The company does not refer to any corporate governance code drawn up by an organisation representing companies and in particular not the AFEP and MEDEF organisations, issued in December 2008.
Beyond the legal requirements, the company has set itself the following corporate governance rules.
- Management
- Board of Directors and its committees
Members of the Board of Directors
Thierry BOIRON, Director, Chairman of the Board of Directors
Christian BOIRON, Director, General Manager
Jacky ABECASSIS, Director
Michel BOUISSOU, Director (in place of F & MB CONSEIL company)
Michèle BOIRON, Director
Stéphanie CHESNOT, Director
Jean-Pierre BOYER, Director
Bruno GRANGE, Director
Christine BOYER-BOIRON, Director
François MARCHAL, Director
Société PIERRE FABRE SA, Director (Permanent representative: Eric DUCOURNAU)
The Audit Committee
The Audit Committee was formed during the Board Meeting on May 18, 2000, and is composed Jean-Pierre Boyer, Stéphanie Chesnot, Michel Bouissou who is considered independent, in accordance with the conditions defined by the Board.
A charter describes the different tasks and ways of operating of this Committee, summarised below.
-
The Audit Committee examines the financial statements and the financial information supplied to shareholders and to the market. For this purpose, it checks the employees responsible for preparing the accounts of Boiron France and of the group as well as the statutory auditors.

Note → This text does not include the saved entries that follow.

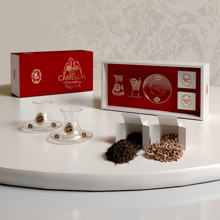 هدیه کاملیا قصهای از طعم و هنر ایرانی است؛ جایی که استکان و نعلبکیهای برجسته در بستهبندی خلاقانه کنار چای خوشعطر و چیپس خرما مینشینند. هدیهای اصیل برای یلدایی شیرین و پذیرایی دلنشین.
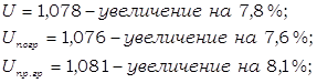 На увеличение в отчётном периоде по сравнению с базисным общих вагоно-километров на 9,6% одновременно повлияло и уменьшение вагоно-километров груженых вагонов на 0,4%, и значительное увеличения вагоно-километров порожних вагонов на 28,9%.
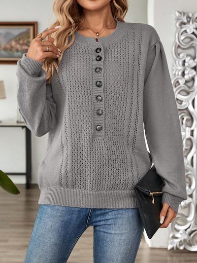 Women's Solid Crew Neck Button Front Drop Shoulder Casual Sweater Fall Women Sweaters Winter Women Clothes-60%
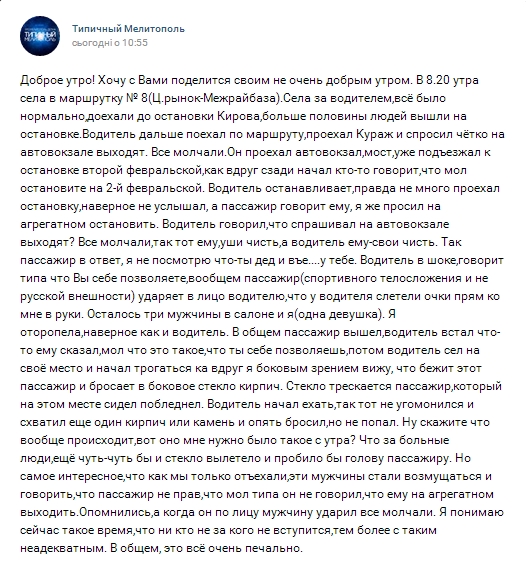 Сегодня, 28 октября, в Мелитополе местный житель напал на пожилого водителя общественного транспорта.
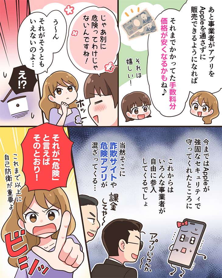 これまではAppleなどの事業者が厳しい審査を行うことで安全を確保してきましたが、プラットフォームが開放されると、有害なソフトウェアや偽アプリにアクセスしてしまう可能性が高まります。
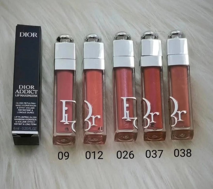 Dior Parlak bitişli, 09, 012, 026 ve 037 numaralı hafif kırmızı tonlarda dudak parlatıcıları. Canlı ve hafif renk etkisi sunar.
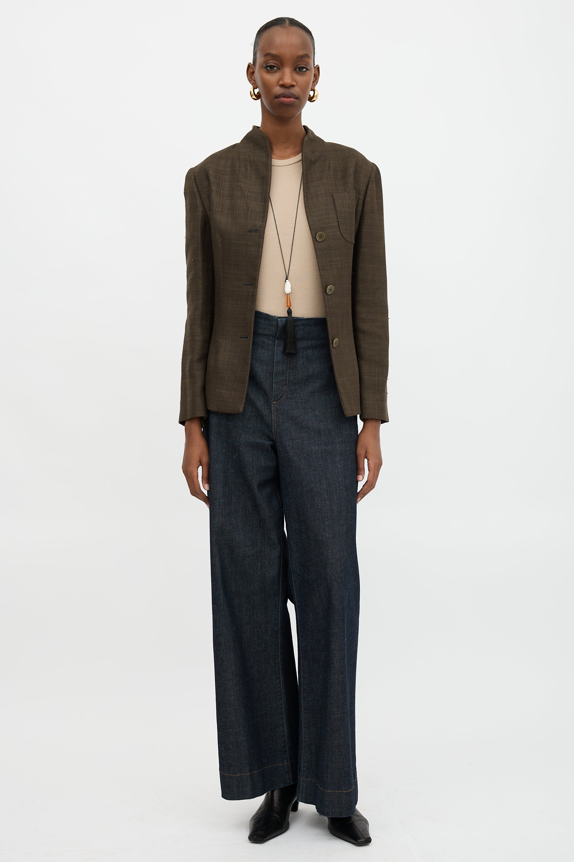 Pre-owned Armani green silk and wool jacket featuring woven exterior, shawl collar, button up front, patch pocket at left chest, and buttoned cuffs. Lined. Clipped to fit model.
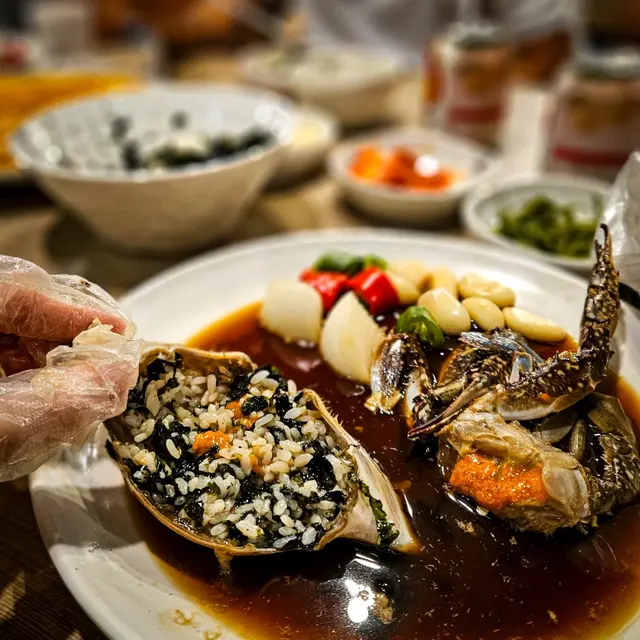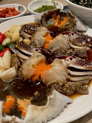 呢間餐廳由韓國人主理,提供多款韓式料理同韓式燒肉,主打招牌醬油蟹🇰🇷💗先送上泡菜、涼拌海帶同薯仔伴菜,全部可以無限refill💗生醬海蟹 ($378/ 2隻)醬油蟹爆膏又新鮮,醬油調味好出色,蟹肉滲透醬油香,完全無腥味,亦唔會搶咗醬蟹嘅鮮甜🦀再將附送嘅麻油紫菜飯一起拌入蟹蓋,甘甜嘅蟹膏混入飯粒🍚💗生醬海蝦 ($278/ 5隻)醬油蝦爽口黏糯,醃得好入味,可以配埋生蒜頭、青陽辣椒一齊食🦐💗韓式菜包肉 ($188)五花肉炆煮得軟嫩,再輕輕火炙表面焦香,一層脂肪一層肉相間🐷再用生菜﹑ 辣蘿蔔泡菜、生蒜、青陽辣椒、韓式包飯醬、辣蝦醬一齊食,口感好豐富🥬…查看更多
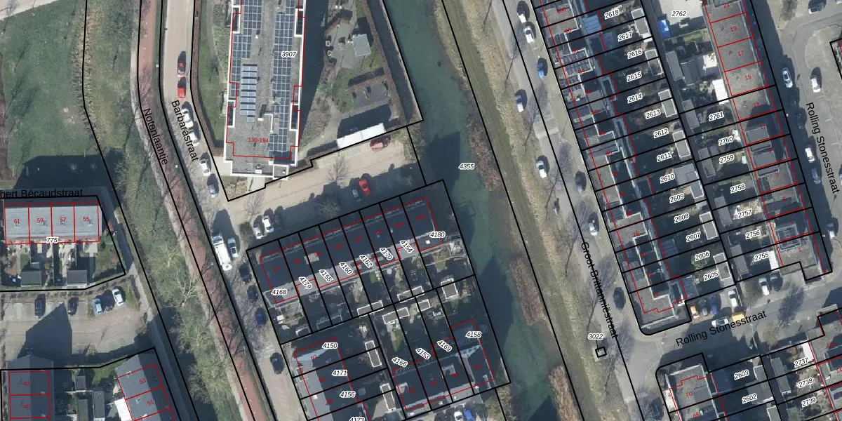 Het perceel waarop Barbarastraat 108 staat heeft een oppervlakte van 255 m². Dit is een middelgroot perceel. De perceeloppervlakte wordt geregistreerd door het Kadaster. Gedetailleerde informatie over de maten van dit perceel kunt u vinden in het rapport Kadastrale kaart met maatvoering van Barbarastraat 108.
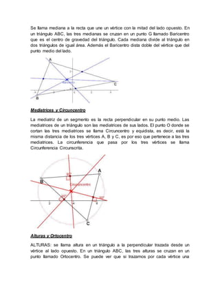 El documento describe varios puntos notables relacionados con triángulos. Explica que las mediatrices de los lados de un triángulo se cortan en un punto único llamado circuncentro, que es el centro de la circunferencia circunscrita que pasa por los tres vértices. También describe que las alturas de un triángulo se cortan en el ortocentro, y que las bisectrices de los ángulos se cortan en el incentro, que es el centro de la circunferencia inscrita. Además, explica que el bar

It assesses in particular the adequacy of provisions recorded in respect of known risks. Where necessary, it examines the procedures for assessing acquisition transactions and transfers of significant assets.
It participates in drawing up the annual audit plan, monitors the works planned by the internal audit department and the recommendations issued by the latter. Within this scope, it holds meetings with the manager of the Internal Audit Department and the audit reports are regularly submitted to it. - The Committee has no decision-making power and the conclusions on its works and proposals are reserved for the Board.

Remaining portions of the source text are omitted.